The sample codes shows how to use Cifar10AudioRecommender with the trained model to recommend songs based on user's listening history:

from random import shuffle

from mxnet_audio.library.cifar10 import Cifar10AudioRecommender
from mxnet_audio.library.utility.gtzan_loader import download_gtzan_genres_if_not_found


def load_audio_path_label_pairs(max_allowed_pairs=None):
    download_gtzan_genres_if_not_found('./very_large_data/gtzan')
    audio_paths = []
    with open('./data/lists/test_songs_gtzan_list.txt', 'rt') as file:
        for line in file:
            audio_path = './very_large_data/' + line.strip()
            audio_paths.append(audio_path)
    pairs = []
    with open('./data/lists/test_gt_gtzan_list.txt', 'rt') as file:
        for line in file:
            label = int(line)
            if max_allowed_pairs is None or len(pairs) < max_allowed_pairs:
                pairs.append((audio_paths[len(pairs)], label))
            else:
                break
    return pairs


def main():
    music_recommender = Cifar10AudioRecommender()
    music_recommender.load_model(model_dir_path='./models')
    music_archive = load_audio_path_label_pairs()
    for path, _ in music_archive:
        music_recommender.index_audio(path)

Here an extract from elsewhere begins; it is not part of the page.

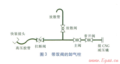 考慮到卸氣柱是高壓管道系統(tǒng),其主閥在使用過程中發(fā)生內(nèi)漏時,就要及時更換。由于一般都是2套或3套卸氣柱通過高壓管道匯合在一起后連接到CNG減壓橇的進(jìn)口,如果某一卸氣柱的主閥需要更換時,就要停止所有卸氣柱工作并放空高壓管道中的CNG。如果不允許CNG減壓橇停氣,就無法更換閥門。要解決這一問題,可以在卸氣柱主閥后面增加一個常開閥(此時主閥成雙閥結(jié)構(gòu))。帶雙閥的卸氣柱見圖3。
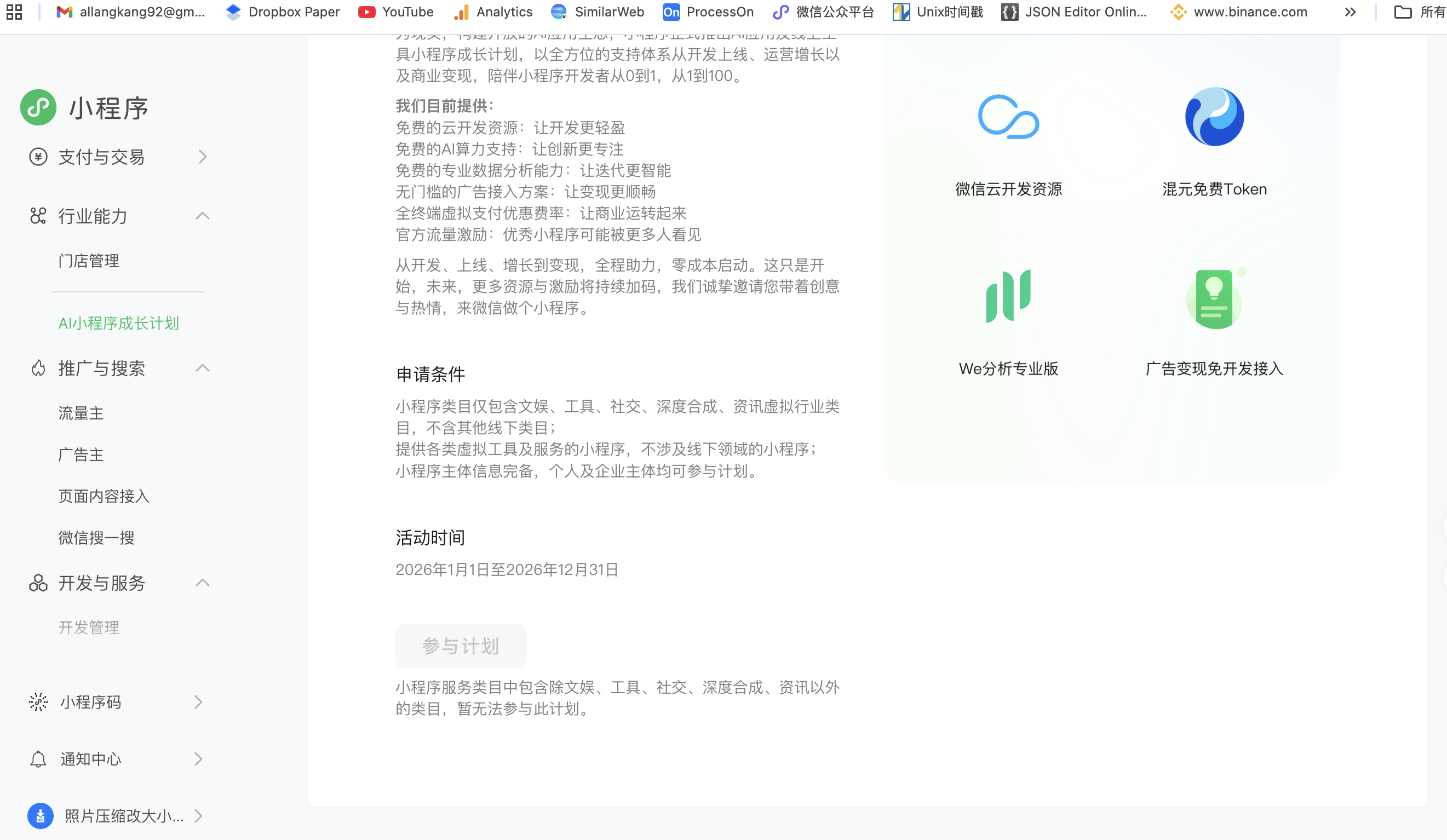 我在为我的小程序申请“AI小程序成长计划”时,遇到了系统拦截问题。活动页面的参与计划按钮呈灰色,下方提示:“小程序服务类目中包含除文娱、工具、社交、深度合成、资讯以外的类目,暂无法参与此计划。”

    # create fake user history on musics listening to
    shuffle(music_archive)
    for i in range(30):
        song_i_am_listening = music_archive[i]
        music_recommender.track(song_i_am_listening)

    for idx, similar_audio in enumerate(music_recommender.recommend(limits=10)):
        print('result #%s: %s' % (idx+1, similar_audio))


if __name__ == '__main__':
    main()

Note

On pre-processing

To pre-generate the mel-spectrograms from the audio files for classification, one can also first run the following scripts before starting training, which will make the training faster:

cd demo/utility
python gtzan_loader.py

audioread.NoBackend

The audio processing depends on librosa version 0.6 which depends on audioread.

If you are on Windows and sees the error "audioread.NoBackend", go to ffmpeg and download the shared linking build, unzip to a local directory and then add the bin folder of the ffmpeg to the Windows $PATH environment variable. Restart your cmd or powershell, Python should now be able to locate the backend for audioread in librosa

Training with GPU

Note that the default training scripts in the demo folder use GPU for training, therefore, you must configure your graphic card for this (or remove the "model_ctx=mxnet.gpu(0)" in the training scripts).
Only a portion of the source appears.